9. Engagement with services 
 9.1 No clinically important engagement 
 9.2 Not any engagement 
 9.3 Average endpoint engagement score 
 9.4 Average change in engagement scores

10. Quality of life 
 10.1 No clinically important change in quality of life 
 10.2 Not any change in quality of life 
 10.3 Average endpoint quality of life score 
 10.4 Average change in quality of life scores 
 10.5 No clinically important change in specific aspects of quality of life 
 10.6 Not any change in specific aspects of quality of life 
 10.7 Average endpoint specific aspects of quality of life 
 10.8 Average change in specific aspects of quality of life

11. Economic outcomes 
 11.1 Direct costs 
 11.2 Indirect costs

We selected outcome measures which provided global estimations of functioning. We did not report highly specific outcomes, such as 'sense of safety'. Such specific outcomes are rarely reported in more than one study and it is difficult to assess their relevance to the effectiveness of the treatment. We also reported other outcomes not readily falling into these categories but they are not of pre‐stated interest.

We divided outcomes into short term (less than three months) medium term (three to six months) and long term (over six months).

Search methods for identification of studies

Electronic searches

1. Update of 2008 
 1.1 The Cochrane Schizophrenia Group Trials Register was searched (November 2008): for details of the search phrase see Appendix 3.

2. Previous versions of this review 
 2.1 For details of the original search: see Appendix 1.

2.2 For details of the searches in previous updates: see Appendix 2.

Searching other resources

Where necessary, we contacted authors and relevant pharmaceutical companies for any missing information or data.

Data collection and analysis

Selection of studies

Authors CJ and RMC independently inspected citations identified from the search. We identified potentially relevant reports and ordered full papers for reassessment. Where difficulties or disputes arose we asked author LAJ for help and if it was impossible to decide, those full papers were ordered for assessment. This process was repeated for the full papers. If it was impossible to resolve disagreements these studies were added to those awaiting assessment and the authors of the papers contacted for clarification.
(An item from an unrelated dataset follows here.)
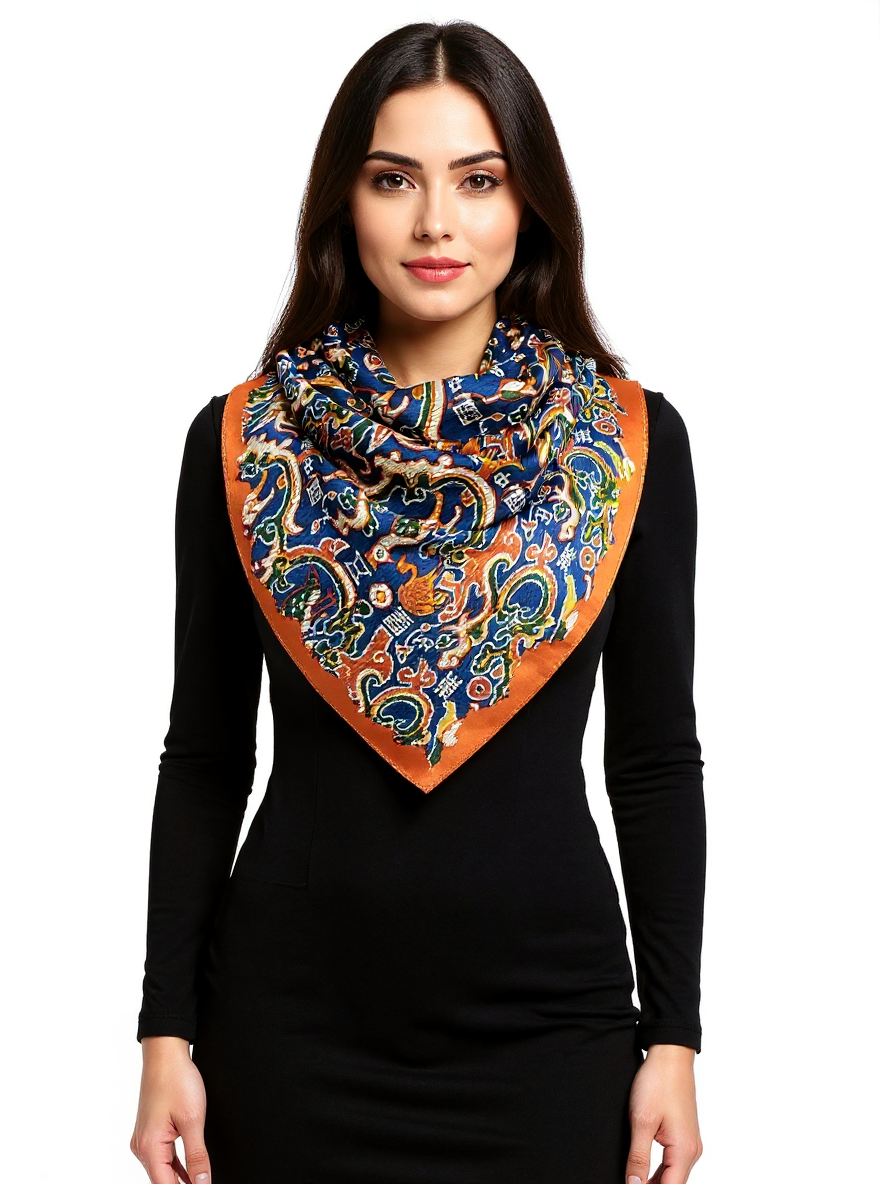 Chusta wykonana z ekologicznych tkanin. Bez sztucznych dodatków. Ręcznie wykańczana i sprawdzana. Znakomita jakość dzięki wysokiej klasy materiałom oraz kontroli jakości na każdym etapie wytwarzania. Tkanina 100% jedwab naturalny najwyższej jakości.

Data extraction and management

1. Extraction 
 Authors CJ and RMC independently extracted data from included studies. Again, any disagreement was discussed, decisions documented and, if necessary, authors of studies were contacted for clarification. With remaining problems LAJ helped clarify issues and those final decisions were documented.

2. Management 
 Data were extracted onto standard, simple forms.

3. Scale‐derived data 
 A wide range of instruments are available to measure outcomes in mental health studies. These instruments vary in quality and many are not validated, or are even ad hoc. We included continuous data from rating scales only if the measuring instrument had been described in a peer‐reviewed journal (Marshall 2000) and the instrument is either a self‐report or completed by an independent rater or relative (not the therapist).

Assessment of risk of bias in included studies

Again working independently, CJ and RMC assessed risk of bias using the tool described in the Cochrane Collaboration Handbook (Higgins 2008). This tool encourages consideration of how the sequence was generated, how allocation was concealed, the integrity of blinding at outcome, the completeness of outcome data, selective reporting and other biases. We would not have included studies where sequence generation was at high risk of bias or where allocation was clearly not concealed.
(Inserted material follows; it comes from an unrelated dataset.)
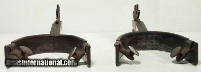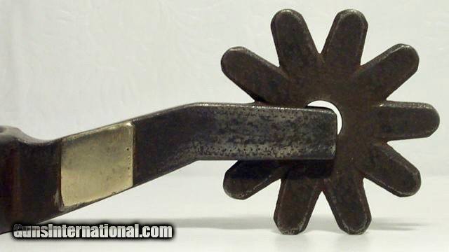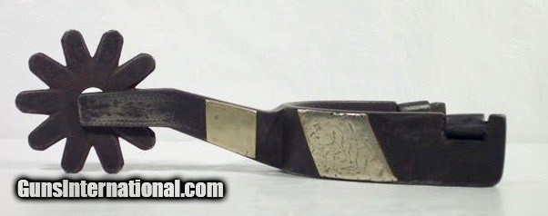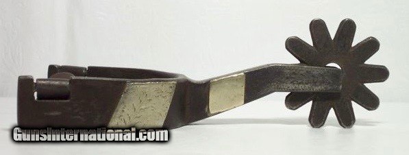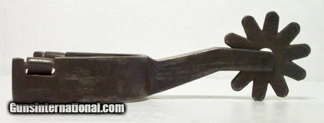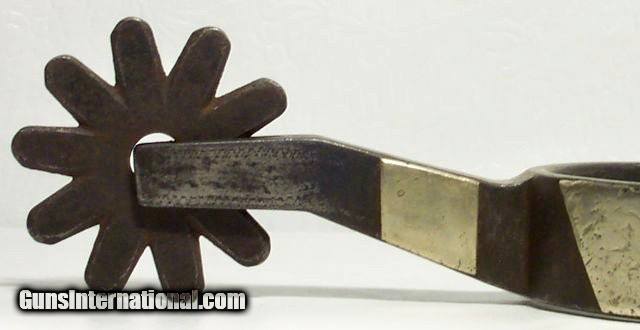 Description: Pair of Texas Spurs Made by James Oscar Bass in Tulia, Texas; Early 1900’s; these Spurs have the Rare Edge Mark in which the spur number is illegible; formerly in the Homer Mills & Ernie Davis Collection; from my own personal collection; All items shipped fully insured--Spurs $30; return policy: three days inspection from the date the item is received; full refund of shipping both ways ONLY IF THE ITEM IS MISREPRESENTED. Note: International sales only as laws permit. SOLD |

If disputes arose as to which category a trial has to be allocated, again, resolution was made by discussion, after working with the third reviewer (LAJ).

Measures of treatment effect

1. Binary data 
 For binary outcomes we calculated a standard estimation of the fixed‐effect risk ratio (RR) and its 95% confidence interval (CI). For statistically significant results we calculated the number needed to treat/harm statistic (NNT/H), and its 95% confidence interval (CI) using Visual Rx (http://www.nntonline.net/) taking account of the event rate in the control group.

2. Continuous data 
 2.1 Summary statistic 
 For continuous outcomes we estimated a fixed‐effect weighted mean difference (WMD) between groups. We did not calculate effect size measures.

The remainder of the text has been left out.